Review article: the role of HSD17B13 on global epidemiology, natural history, pathogenesis and treatment of NAFLD

Abstract

Background: Non-alcoholic fatty liver disease (NAFLD) occurs in around a quarter of the global population and is one of the leading causes of chronic liver disease. The phenotypic manifestation and the severity of NAFLD are influenced by an interplay of environmental and genetic factors. Recently, several inactivating variants in the novel 17-Beta hydroxysteroid dehydrogenase 13 (HSD17B13) gene have been found to be associated with a reduced risk of chronic liver diseases, including NAFLD.

Aims: To review the existing literature on the epidemiology of HSD17B13 and discuss its role in the natural history, disease pathogenesis and treatment of NAFLD.

Methods: We extensively searched relevant literature in PubMed, Google Scholar, clinicaltrials.gov and the reference list of articles included in the review.

Results: HSD17B13 is a liver-specific, lipid droplet (LD)-associated protein that has enzymatic pathways involving steroids, pro-inflammatory lipid mediators and retinol. The estimated prevalence of the best characterised HSD17B13 variant (rs72613567) ranges from 5% in Africa to 34% in East Asia. Loss-of-function variants in HSD17B13 are protective against the progression of NAFLD from simple steatosis to non-alcoholic steatohepatitis (NASH), liver fibrosis, cirrhosis and hepatocellular carcinoma. Emerging data from mechanistic and preclinical studies with RNA interference (RNAi) and small molecule agents indicate that inhibiting HSD17B13 activity may prevent NAFLD progression.

Conclusions: The loss-of-function polymorphisms of the newly identified HSD17B13 gene mitigate the progression of NAFLD. It is important to understand the exact mechanism by which these variants exert a protective effect and implement the gathered knowledge in the treatment of NAFLD.

Figure 1.. Proposed role of HSD17B13 in modulating disease progression in NAFLD.

HSD17B13 expression is induced by liver x receptor-α (LXR-α) through sterol regulatory binding protein-1c (SREBP-1c) in the hepatocyte nucleus. HSD17B13 is then targeted from the endoplasmic reticulum to lipid droplets. Wild type HSD17B13 catalyzes the conversion of retinol to retinaldehyde. Genetic polymorphism in HSD17B13 results in a loss of this enzymatic activity, which increases retinol-retinol binding protein (RBP4)-transthyretin (TTR) transport from hepatocytes. PNPLA3 is located on lipid droplets, and it has hydrolase activity towards retinyl esters in hepatic stellate cells (HSCs). The I148M mutation results in a loss of retinyl esterase activity with retinol retention in HSCs. Retinoids play an important role in hepatic immunomodulation and suppression of HSC-mediated fibrogenesis. Abbreviations: CRBP1, cellular retinol-binding protein 1.

Figure 2.. Worldwide prevalence of HSD17B13 rs72613567 minor allele in general population.

Data based on MAF in the general population are as follows: Africa, America, East Asia, Europe, South Asia: 1000 Genomes project. Abbreviations: MAF, minor allele frequency.

Figure 3.. Worldwide prevalence of HSD17B13 rs72613567 minor allele in patients with NAFLD.

Data based on MAF in patients with NAFLD are as follows: Argentina, data from Pirola; Austria, calculated from genotype frequency; China, data from Sun; Finland, calculated from genotype frequency; Germany, calculated from genotype frequency; Italy, data from Anstee; Malaysia, data from Ting; South Korea, data from Koo; Switzerland, calculated from genotype frequency; US, data from Serper. Abbreviations: MAF, minor allele frequency.
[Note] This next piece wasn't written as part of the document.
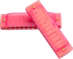 Leichte und robuste rosa Mundharmonika mit 10 Kanzellen, ideal für Kinder und Anfänger. Sie bietet eine diatonische Stimmung für leichtes Erlernen von Melodien, angenehme Handhabung und sicheres Spielen. Inklusive transparentem Schutzetui für saubere und praktische Aufbewahrung.

Figure 4.. siRNA-based inhibition of HSD17B13 expression.

The small interfering RNA (siRNA) targeting HSD17B13 mRNA is conjugated with a triantennary N-Acetylgalactosamine (GalNAc). GalNAc binds to the asialoglycoprotein receptor (ASGPR), which is highly expressed on hepatocytes, thus targeting siRNA to the liver. The siRNA-ASGPR complex is then taken into hepatocytes by clathrin-mediated endocytosis, where the siRNA causes HSD17B13 mRNA destruction through the RNA-induced silencing complex (RISC) in the cytoplasm.